De 1968 à 1971, le général Thiêu consolide progressivement son régime ; en 1969, il confie le gouvernement à son allié, le général Trân Thiên Khiêm. Dans le domaine social, en réponse à la politique de redistribution des terres du Gouvernement révolutionnaire provisoire (GRP) [formé en 1969], le gouvernement sud-vietnamien lance, en 1970, un programme de réforme agraire visant avant tout à s'assurer le ralliement de la masse paysanne. Thiêu s'est imposé au président Richard Nixon comme l'élément de stabilité indispensable pour mener à bien sa politique de vietnamisation. C'est donc fort de l'appui de Washington que, candidat unique, il est réélu, en septembre 1971, avec 94 % des suffrages exprimés.

Mais l'offensive générale de 1972 consacre l'échec de la politique de vietnamisation. Thiêu est contraint d'assouplir sa politique dans la négociation. Il accepte donc la teneur des accords de Paris mais il en bloque par la suite l'application. Le conseil tripartite de réconciliation et de concorde chargé, sur les bases de l'article 11 des accords de Paris, d'organiser les élections nationales ne voit pas le jour. Le régime Thiêu poursuit une sévère répression contre la « troisième force », considérée comme capable de réaliser l'unité, et dont le GRP ne cesse de rappeler l'existence.

En fait la guerre, qui n'a pratiquement jamais cessé, reprend en mars 1975. Les forces saigonaises n'offrent guère de résistance et, très rapidement, la totalité des Ire et IIe régions militaires passe sous le contrôle du GRP.

Le 21 avril 1975, Nguyên Van Thiêu, acculé par l'avance foudroyante des troupes du GRP et des unités nord-vietnamiennes, démissionne et quitte Saigon. Le 30 avril 1975, les troupes du GRP entrent dans Saigon.

Pour en savoir plus, voir l'article guerre du Viêt Nam.

11. La difficile réunification

Dans les premières semaines de son installation, le nouveau pouvoir révolutionnaire apparaît ouvert aux espoirs d'une population exsangue et profondément meurtrie : faisant appel à l'union nationale, il s'efforce de multiplier les mesures d'apaisement.
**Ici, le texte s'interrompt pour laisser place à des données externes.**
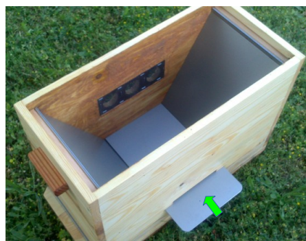
Insérer fond / planche envol tbh
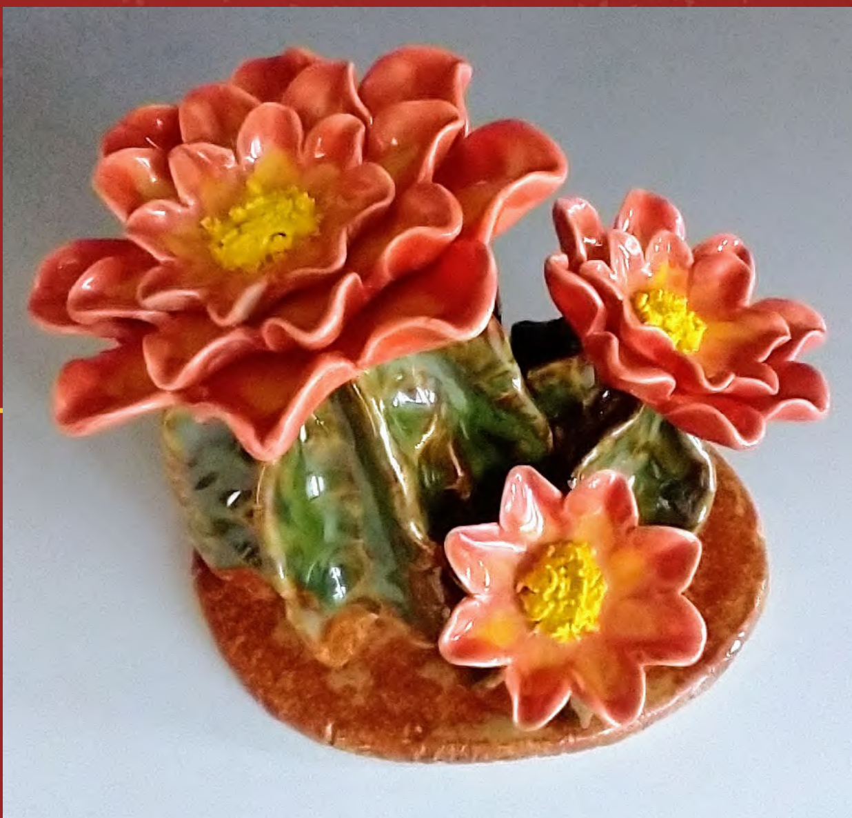
BLOOMING BARREL BY MELANIE MEAD

A portion of each piece sold benefits the Herberger Theater's youth education and community outreach programs. The gallery is located on the second level and open Mon-Sun, 12:00PM to 4:30PM and during performances.

Sur le plan diplomatique, le GRP négocie sa reconnaissance auprès de Paris, et il semble que les autorités aient envisagé, tout au moins dans une première étape, de ne pas précipiter ni d'imposer la réunification politique du pays. C'est ainsi que le Sud Viêt Nam demande officiellement son admission à l'ONU (15 juillet) sous l'image apparente d'un pays non-aligné. Cette initiative se heurte à un veto américain (août), Washington s'opposant à l'entrée du Sud Viêt Nam au sein de l'ONU si la Corée du Sud ne peut y siéger également.
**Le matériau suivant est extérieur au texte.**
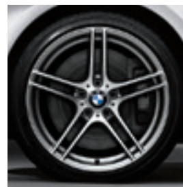
19" M Double-spoke style 313 M
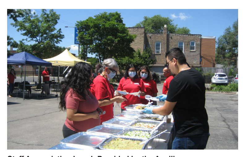
Staff Appreciation Lunch Provided by the Auxiliary

Cependant une révolution culturelle s'instaure rapidement au Sud Viêt Nam, balayant l'héritage néocolonialiste : une littérature d'inspiration marxiste, de nouveaux manuels scolaires, font leur apparition « pour répondre à l'appel des lecteurs sud-vietnamiens », car « à temps nouveaux livres nouveaux ». La fonction publique est graduellement purgée et des milliers de fonctionnaires civils et militaires doivent rejoindre des camps de rééducation. Des incertitudes pèsent par ailleurs sur plusieurs centaines de milliers de Chinois et de Sino-Vietnamiens qui font l'objet de mesures coercitives de rejet ou d'assimilation. Le nombre des boat people, s'accroît sans cesse.

Il est vrai que la situation sociale et économique dont héritent les communistes est catastrophique : il y a 3 millions de chômeurs, 1 million de soldats démobilisés qu'il faut nourrir, 5 millions de personnes déplacées à charge de leur famille (infirmes, orphelins, déclassés, réfugiés).
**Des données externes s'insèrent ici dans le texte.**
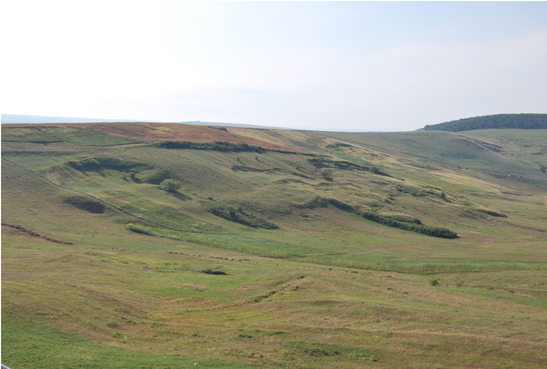
Fig. 5. Figure 5. Shallow landslide in Şipote sector, detail from Figure 4.

Le problème majeur qui se pose aux autorités est celui du redémarrage de l'économie et de l'ajustement de deux systèmes antagonistes : planification socialiste du Nord, longue inféodation au néocapitalisme au Sud. En outre, l'économie est marquée par un état de délabrement dû à la concussion, au marché noir chronique et aux expédients de toutes sortes. Le IIe plan quinquennal (1976-1980), correspondant à la planification de l'Europe de l'Est, s'avère difficilement réalisable.

En janvier 1976, le pouvoir militaire laisse la place à une administration civile. En mars, un nouveau système judiciaire est mis en place : le Code pénal met désormais fin aux juridictions d'exception en vigueur depuis mai 1975. Le 25 avril, la première Assemblée nationale d'un Viêt Nam réunifié est élue : ses 492 députés (249 pour le Nord, 243 pour le Sud) sont élus par environ 25 millions d'électeurs.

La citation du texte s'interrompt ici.